*Given records*
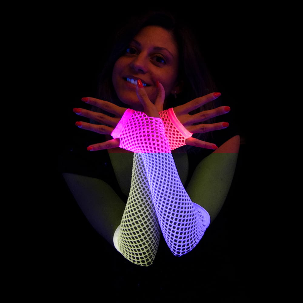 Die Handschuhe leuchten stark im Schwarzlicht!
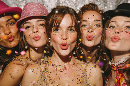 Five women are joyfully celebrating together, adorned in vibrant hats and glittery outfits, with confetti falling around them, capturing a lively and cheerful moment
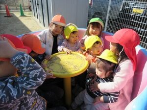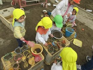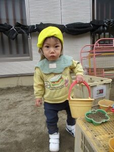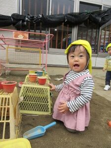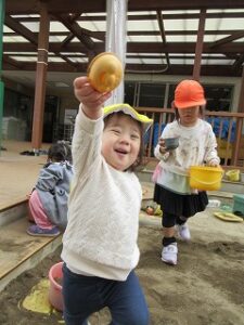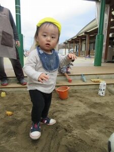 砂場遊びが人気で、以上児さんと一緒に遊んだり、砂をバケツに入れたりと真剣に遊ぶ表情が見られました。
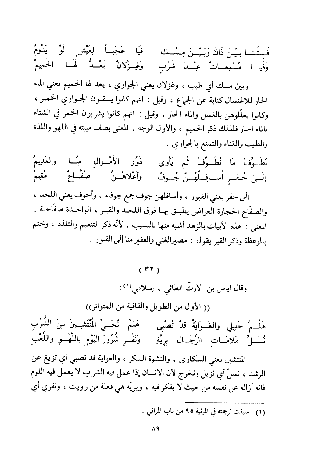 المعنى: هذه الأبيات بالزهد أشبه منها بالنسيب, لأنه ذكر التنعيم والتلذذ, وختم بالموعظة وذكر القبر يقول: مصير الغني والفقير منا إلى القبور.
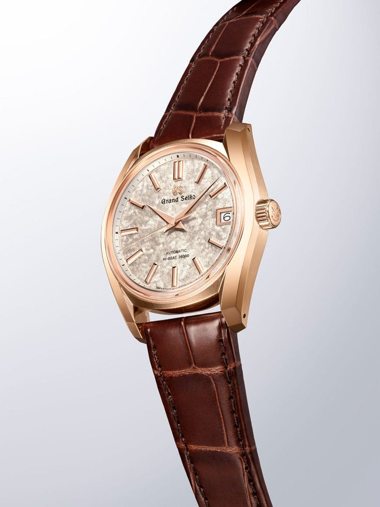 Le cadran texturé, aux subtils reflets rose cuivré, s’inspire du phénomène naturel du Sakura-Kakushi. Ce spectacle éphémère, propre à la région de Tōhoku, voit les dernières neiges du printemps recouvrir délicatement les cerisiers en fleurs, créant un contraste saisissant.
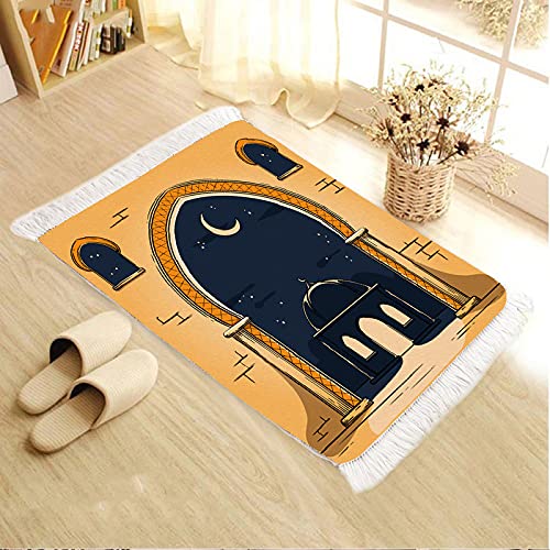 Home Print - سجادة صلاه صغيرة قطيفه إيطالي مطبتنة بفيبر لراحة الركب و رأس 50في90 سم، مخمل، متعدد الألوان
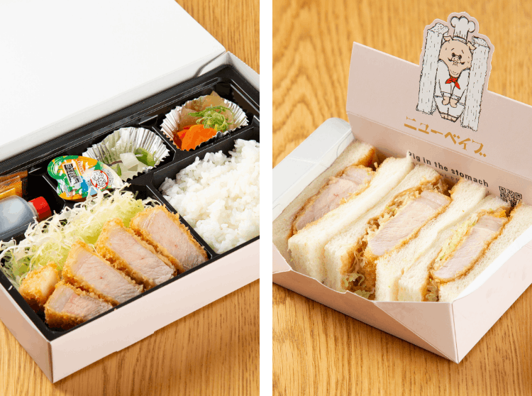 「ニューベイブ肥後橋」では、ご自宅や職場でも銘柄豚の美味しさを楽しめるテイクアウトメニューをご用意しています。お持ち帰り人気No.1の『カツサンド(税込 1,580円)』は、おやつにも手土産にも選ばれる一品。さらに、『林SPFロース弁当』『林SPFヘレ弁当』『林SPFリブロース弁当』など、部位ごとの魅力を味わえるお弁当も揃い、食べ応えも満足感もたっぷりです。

*Try it*
Output all the material verbatim, skipping every image.

*Task output*
 Die Handschuhe leuchten stark im Schwarzlicht!
 Five women are joyfully celebrating together, adorned in vibrant hats and glittery outfits, with confetti falling around them, capturing a lively and cheerful moment
 砂場遊びが人気で、以上児さんと一緒に遊んだり、砂をバケツに入れたりと真剣に遊ぶ表情が見られました。
 المعنى: هذه الأبيات بالزهد أشبه منها بالنسيب, لأنه ذكر التنعيم والتلذذ, وختم بالموعظة وذكر القبر يقول: مصير الغني والفقير منا إلى القبور.
 Le cadran texturé, aux subtils reflets rose cuivré, s’inspire du phénomène naturel du Sakura-Kakushi. Ce spectacle éphémère, propre à la région de Tōhoku, voit les dernières neiges du printemps recouvrir délicatement les cerisiers en fleurs, créant un contraste saisissant.
 Home Print - سجادة صلاه صغيرة قطيفه إيطالي مطبتنة بفيبر لراحة الركب و رأس 50في90 سم، مخمل، متعدد الألوان
 「ニューベイブ肥後橋」では、ご自宅や職場でも銘柄豚の美味しさを楽しめるテイクアウトメニューをご用意しています。お持ち帰り人気No.1の『カツサンド(税込 1,580円)』は、おやつにも手土産にも選ばれる一品。さらに、『林SPFロース弁当』『林SPFヘレ弁当』『林SPFリブロース弁当』など、部位ごとの魅力を味わえるお弁当も揃い、食べ応えも満足感もたっぷりです。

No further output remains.